Филиппинцы Магды перестали уродовать какую-то очень сложную пьесу и заиграли веселую румбу. Я поняла, что страшно устала думать (да и вообще это отвратное занятие, никому его не рекомендую). Закрыла глаза и попыталась очистить голову — по крайней мере так должен себя вести, судя по всему, настоящий сыщик.

Мысли из головы улетучились. Остался страх. Я снова представила себе руку убийцы с палочками для еды.

Палочки.

Какая-то странная мысль меня давно беспокоила. Давным-давно я что-то слышала — или видела? — про палочки для еды. Очень давно, чуть не в детстве.

И это было что-то страшное.

Чего я боялась в детстве или не совсем детстве?

Ну, прежде всего, черной церкви.

В моем милом доме со стеклянным шаром на крыше я живу почти с рождения. Это тот самый дом, который мой отец купил моей матери, еще когда они не были женаты (а я уже существовала). Потом они все-таки поженились в соседней церкви Непорочного зачатия — это та самая церковь, куда я ходила с детства, хожу и сейчас. А когда я была маленькой, то думала, что есть еще одна церковь, сзади первой, где-то в переулках Кампунга Серани (района, где жили и живут такие, как я, — не китайцы и индийцы, не англичане, а что-то среднее).

Другая — черная церковь, что казалось вполне логичным и понятным: одна церковь — это там, где Дева Мария и в облаках над ней светлое создание с волнистой бородой. А вторая церковь — известно чья. И в нее можно даже зайти, но если, заходя, будешь слишком громко топать, то тебя заметят, и из бархатного мрака вылетит настоящая револьверная пуля прямо тебе в грудь, а это очень больно.

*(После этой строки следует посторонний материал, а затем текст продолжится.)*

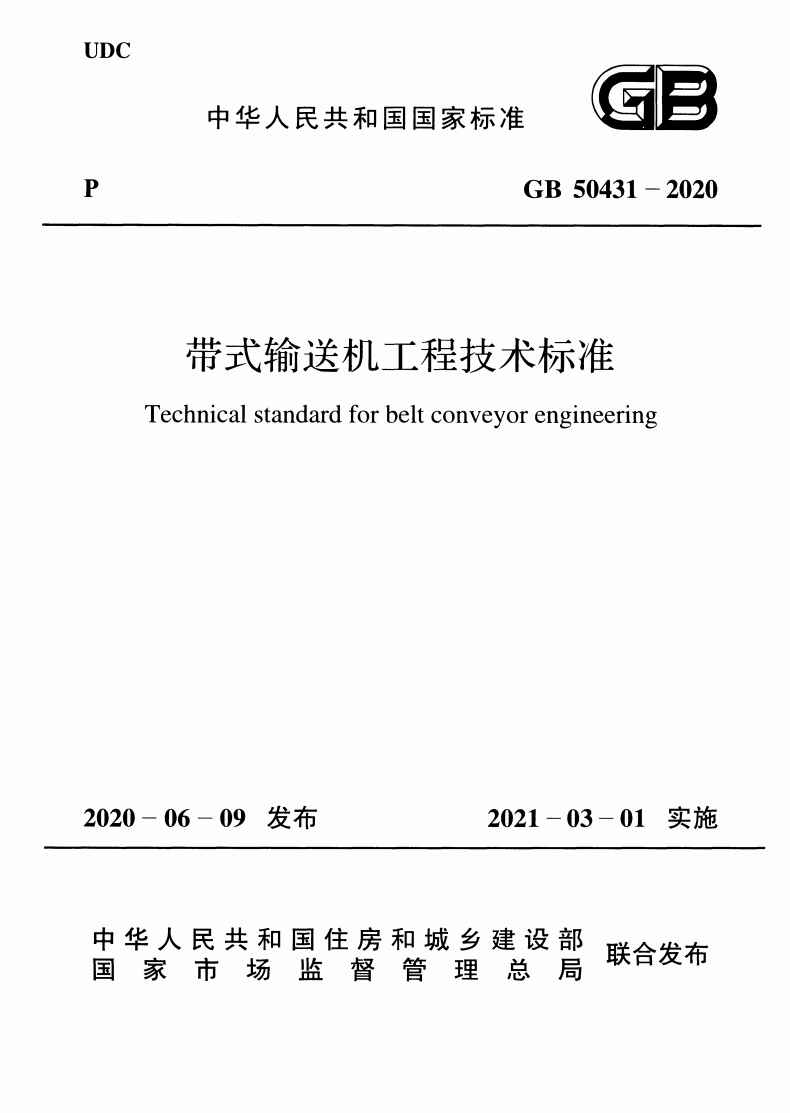 英文名称:Technical standard for belt conveyor engineering

Еще я, как все дети Пенанга, боялась «бенгальца». Слово это означало не совсем то, что следовало бы. Времена были не вполне еще просвещенные, особенно для наших нянь. Няни знали, что индийцы бывают разные — чулии, прежде всего, то есть темнокожие тамилы с юга Индии, но не всякие, а мохамедане. Были тамилы других религий (их чулиями не называли), были сингалы с Цейлона. Всех прочих обзывали (несправедливо) бенгальцами, причем та Бенгалия — Бенгалия нянь — от Калькутты простиралась до самого Пенджаба и вообще до бесконечности, до края света. В общем, бенгальцами няни называли тогда всех подряд, включая пенджабцев и прочих приверженцев строгой и элегантной сикхской религии, людей, которые никогда не стригут бороду и волосы, упрятывая их под здоровенный тюрбан. Тюрбан, которого не увидишь на голове индуса, то есть человека индуистской религии.

То есть нас, мелкоту, попросту пугали полицейским, поскольку тогда полиция на уровне констеблей состояла поголовно из сикхов, да это и сейчас почти так.

Понятно поэтому, что и сегодня у каждого местного жителя где-то да сидит этот маленький, забытый страх перед сикхами, с их умными и веселыми угольно-черными глазами между волной черных или седых волос, и зачесанной под тюрбан такой же волной усов и бороды. И этот детский страх помогает сикхским констеблям не меньше их вполне реальных достоинств.

Так, чего я еще боялась раньше — да что там, и сейчас тоже! — войны, конечно.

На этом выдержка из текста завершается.